§ **WHAT THIS TASK INVOLVES**: Line by line, set down all the data below exactly, omitting any picture.

§ **DATASET CONTENT**:

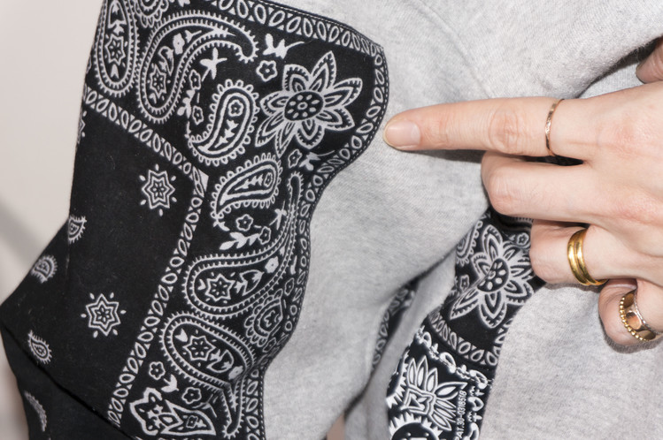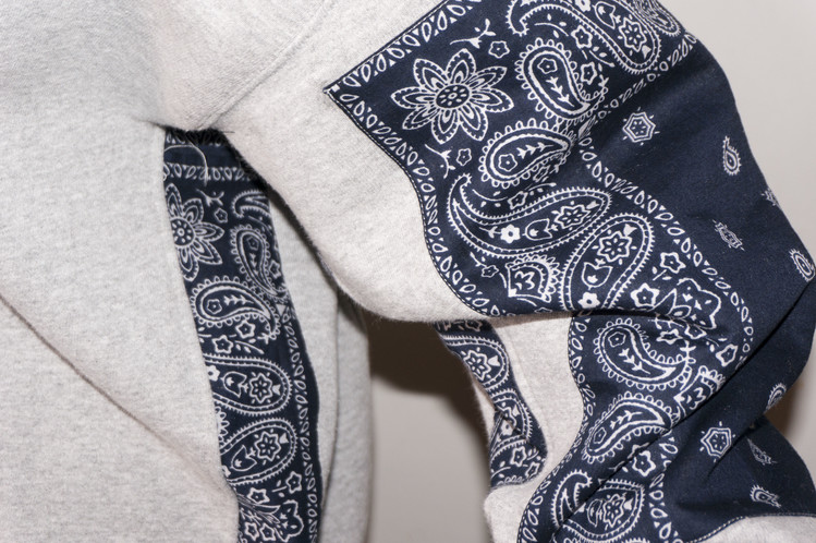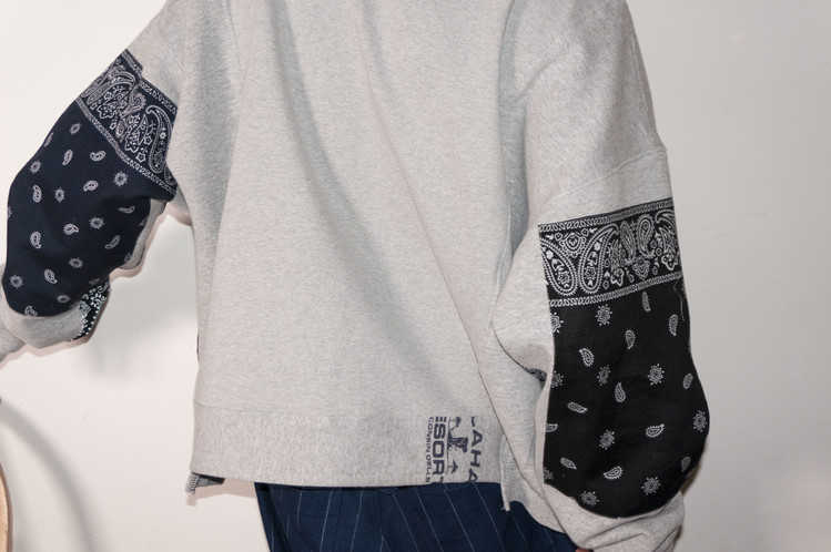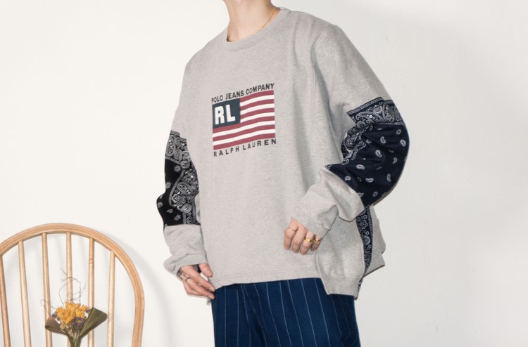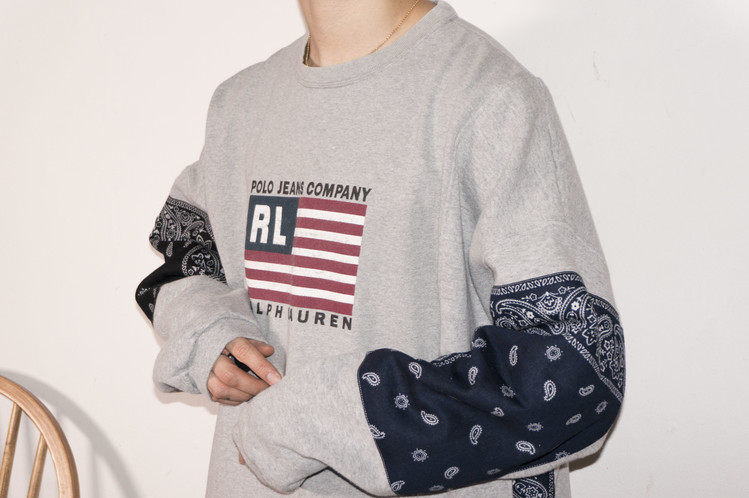 East oklm, The hand remake garments로 Polo jeans co. 스웻셔츠와 같은 톤의 그레이 색상 스웻셔츠를 믹스하고, 반다나를 이용하여 포인트를 만든 상품. 전체적으로 여유롭고 느긋한 실루엣으로 만들어지고, 양쪽 소매와 옆을 채운 반다나는 네이비 색상과 블랙 색상으로 각각 다른 컬러를 이용하여 차이를 볼 수 있도록 하였습니다.
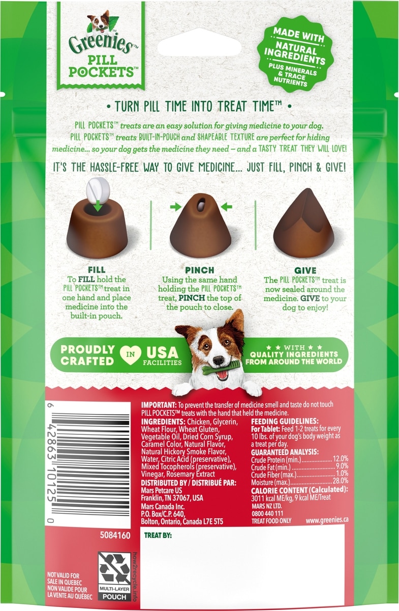 Greenies Pill Pockets are an ingenious way to give your dog their meds. The easy-to-use pouches mask the smell and taste of medicine for less stress. They make taking medication a positive experience for your dog by turning pill time into treat time!
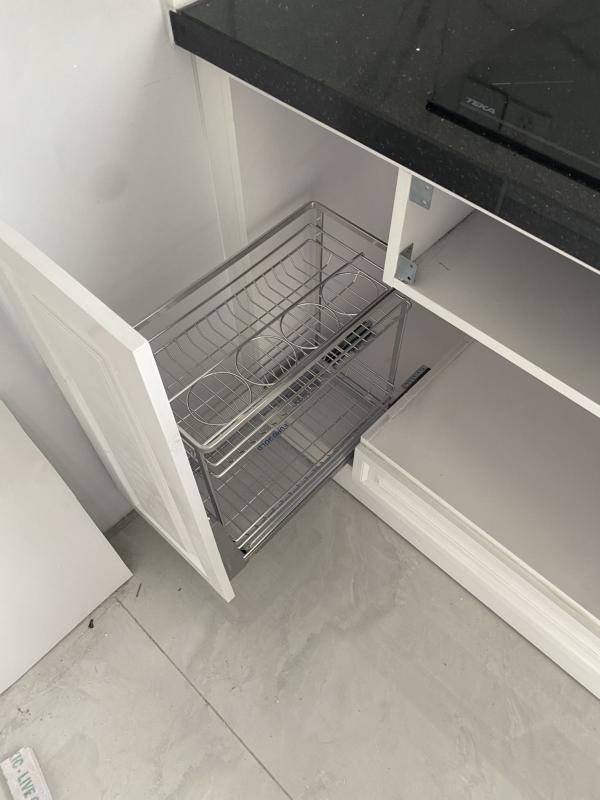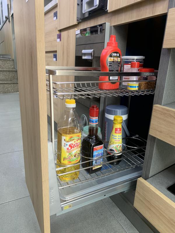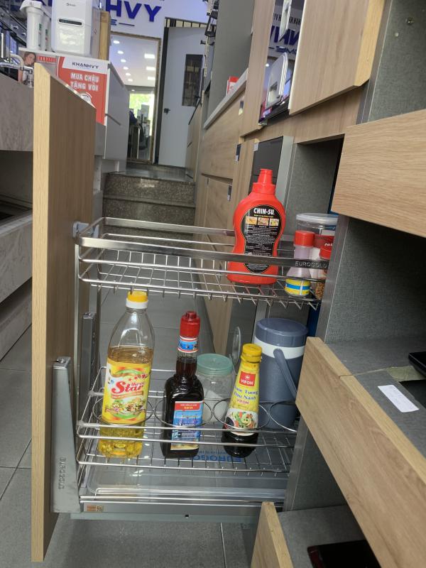 Thiết kế 2 tầng thông minh cho phép sắp xếp nhiều loại chai lọ gia vị một cách ngăn nắp và dễ quan sát. Các vật dụng được bố trí hợp lý, thuận tiện khi lấy và cất trong quá trình nấu nướng. Không gian bên trong tủ bếp được tận dụng tối đa nhưng vẫn đảm bảo sự thông thoáng. - Tải trọng tốt, phù hợp nhiều loại chai lọ
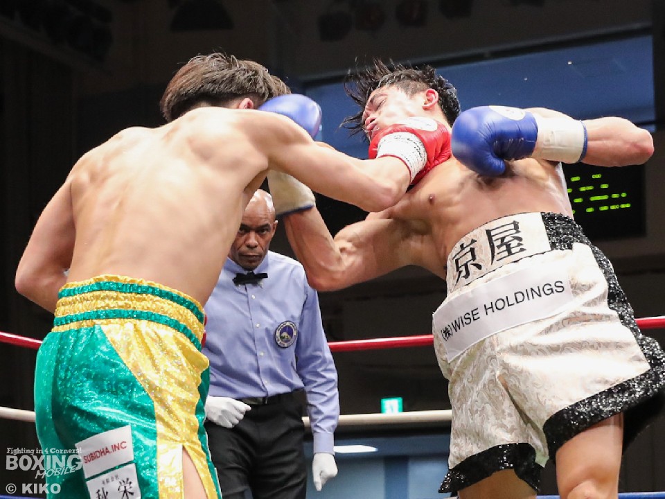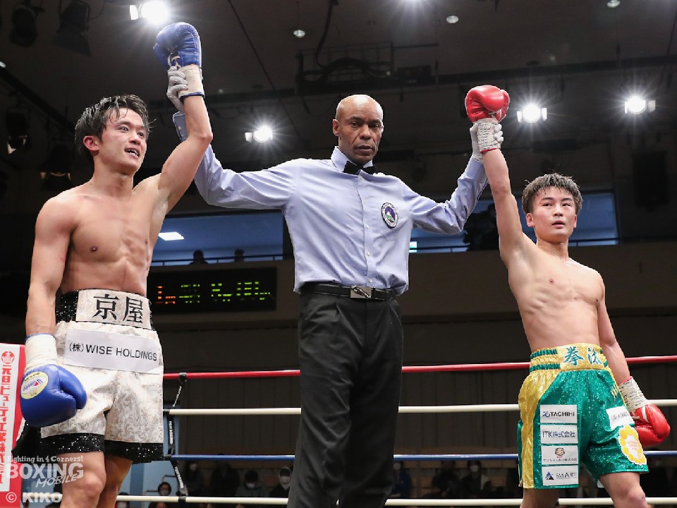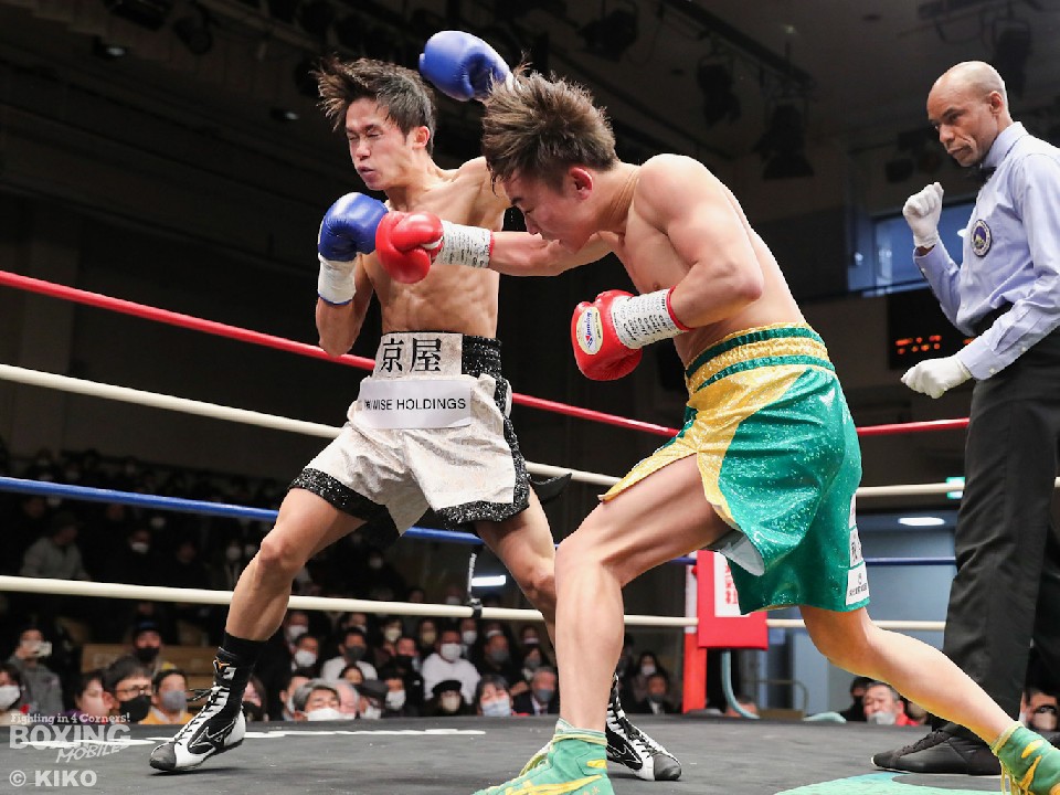 試合:初回、プレッシャーをかけながら左右フックで攻める川上とスピードのあるパンチで応戦する京屋。2~3回とプレッシャーをかけてボディから左右のフックへ繋げる川上にキレのあるカウンターから右ショートアッパーをヒットさせる京屋。4回、ジャブで距離を取り強打を放つ京屋に対し川上はプレスをかけ続けた。勝負の決着は判定へ。ジャッジ2者が引き分けとし勝敗はつかなかった。
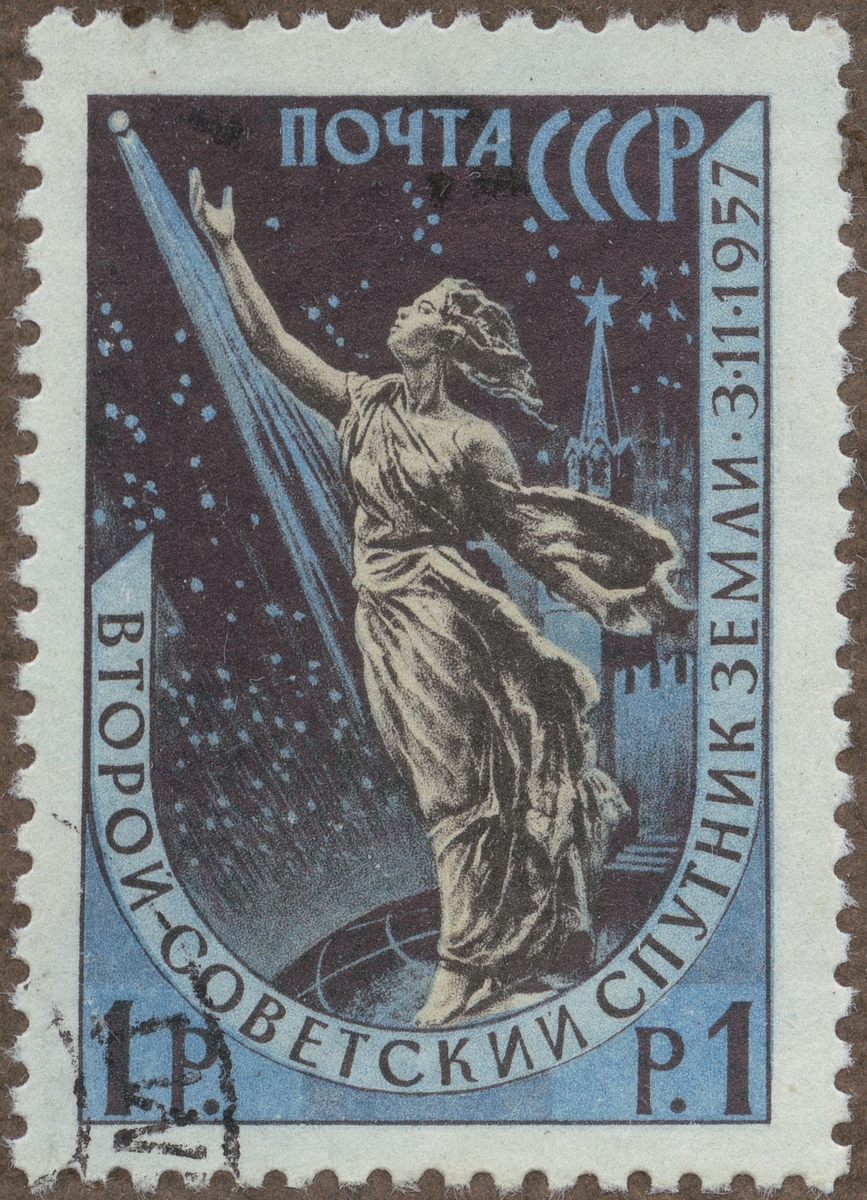 Frimärke från Ryssland, 1958. Motiv av Den andra ryska satellit: "Sputnik II" 3 november 1957.
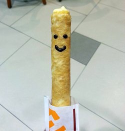 很小的蛋卷,纯粹是被橱窗的展示吸引的,样子真心好可爱,卡哇伊,特别吸引女生有木有。买了一根,18个大洋,小心疼,很细的一根蛋卷哦,没太多特别,有点类似波力蛋卷吧,里面有酱,但是那个酱很甜,所以感觉味道很一般,蛋卷没什么香味,奶味也不足,这个价格实在是略坑爹了,好在服务非常到位,而且蛋卷很萌,倒是非常适合拍照,喜欢凹造型的妹子可以买一根玩玩,如果说是为了尝美味的话,这家估计不是首选。地理位置很好找的,麦当劳对面,以前是五芳斋的位置,而且展位很卫生查看更多
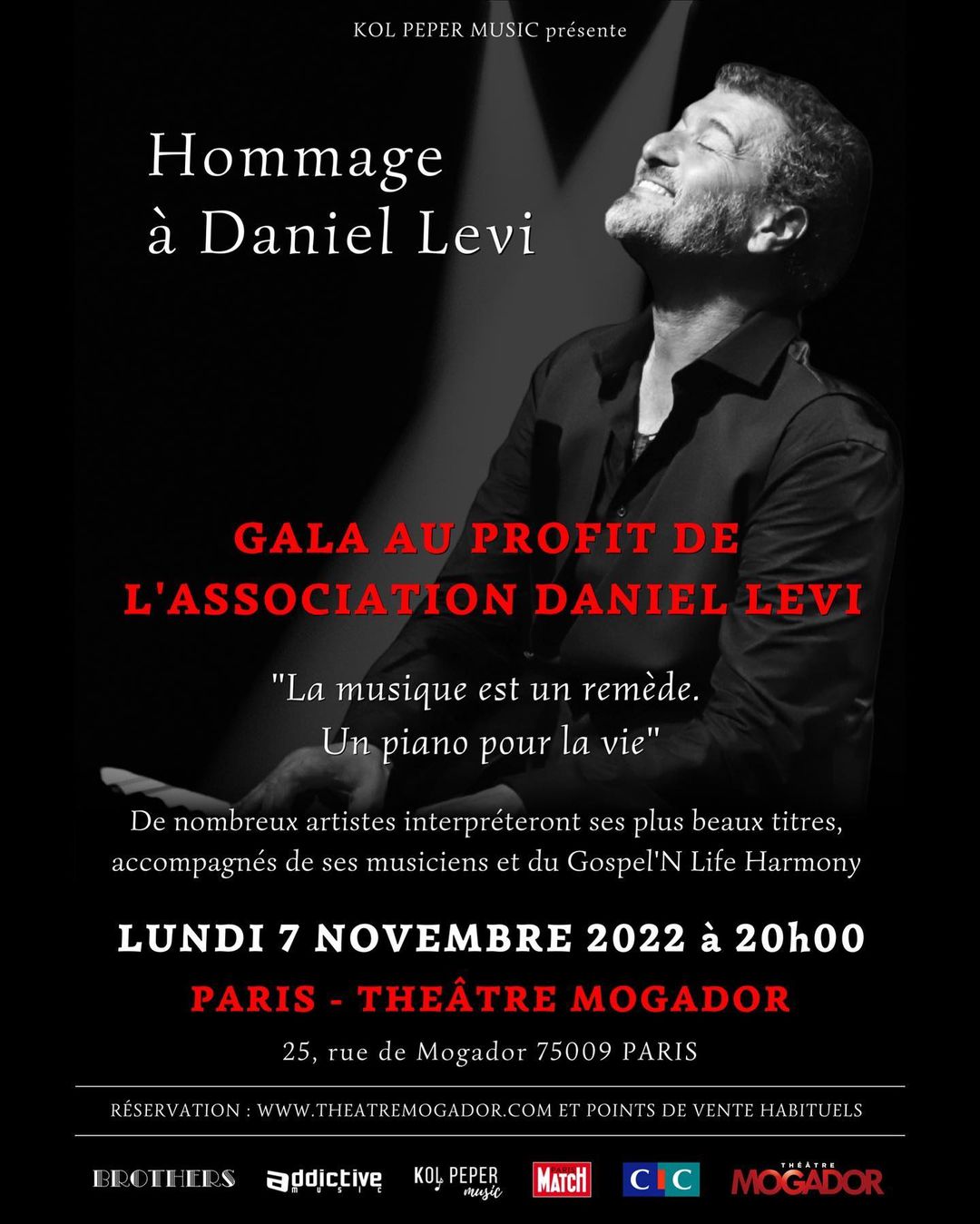 Ce gala est organisé au profit de l’association Daniel Lévi au Théâtre Mogador, 25 rue de Mogador, 75009 Paris.
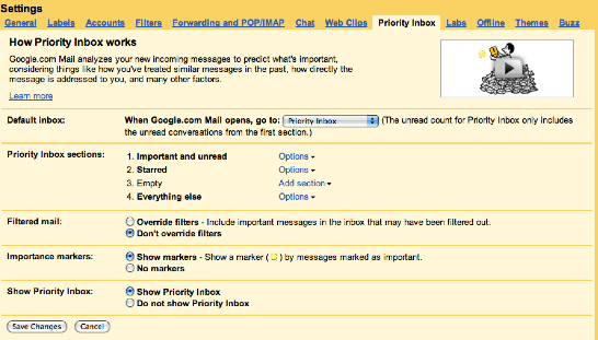 Over the next week, a new tab will appear in our Gmail settings. Between Web Clips and Labs, the tab will be called Priority Inbox. Clicking this tab allows Gmail users to decide when and how to use Priority Inbox.

§ **SOLUTION**:
 East oklm, The hand remake garments로 Polo jeans co. 스웻셔츠와 같은 톤의 그레이 색상 스웻셔츠를 믹스하고, 반다나를 이용하여 포인트를 만든 상품. 전체적으로 여유롭고 느긋한 실루엣으로 만들어지고, 양쪽 소매와 옆을 채운 반다나는 네이비 색상과 블랙 색상으로 각각 다른 컬러를 이용하여 차이를 볼 수 있도록 하였습니다.
 Greenies Pill Pockets are an ingenious way to give your dog their meds. The easy-to-use pouches mask the smell and taste of medicine for less stress. They make taking medication a positive experience for your dog by turning pill time into treat time!
 Thiết kế 2 tầng thông minh cho phép sắp xếp nhiều loại chai lọ gia vị một cách ngăn nắp và dễ quan sát. Các vật dụng được bố trí hợp lý, thuận tiện khi lấy và cất trong quá trình nấu nướng. Không gian bên trong tủ bếp được tận dụng tối đa nhưng vẫn đảm bảo sự thông thoáng. - Tải trọng tốt, phù hợp nhiều loại chai lọ
 試合:初回、プレッシャーをかけながら左右フックで攻める川上とスピードのあるパンチで応戦する京屋。2~3回とプレッシャーをかけてボディから左右のフックへ繋げる川上にキレのあるカウンターから右ショートアッパーをヒットさせる京屋。4回、ジャブで距離を取り強打を放つ京屋に対し川上はプレスをかけ続けた。勝負の決着は判定へ。ジャッジ2者が引き分けとし勝敗はつかなかった。
 Frimärke från Ryssland, 1958. Motiv av Den andra ryska satellit: "Sputnik II" 3 november 1957.
 很小的蛋卷,纯粹是被橱窗的展示吸引的,样子真心好可爱,卡哇伊,特别吸引女生有木有。买了一根,18个大洋,小心疼,很细的一根蛋卷哦,没太多特别,有点类似波力蛋卷吧,里面有酱,但是那个酱很甜,所以感觉味道很一般,蛋卷没什么香味,奶味也不足,这个价格实在是略坑爹了,好在服务非常到位,而且蛋卷很萌,倒是非常适合拍照,喜欢凹造型的妹子可以买一根玩玩,如果说是为了尝美味的话,这家估计不是首选。地理位置很好找的,麦当劳对面,以前是五芳斋的位置,而且展位很卫生查看更多
 Ce gala est organisé au profit de l’association Daniel Lévi au Théâtre Mogador, 25 rue de Mogador, 75009 Paris.
 Over the next week, a new tab will appear in our Gmail settings. Between Web Clips and Labs, the tab will be called Priority Inbox. Clicking this tab allows Gmail users to decide when and how to use Priority Inbox.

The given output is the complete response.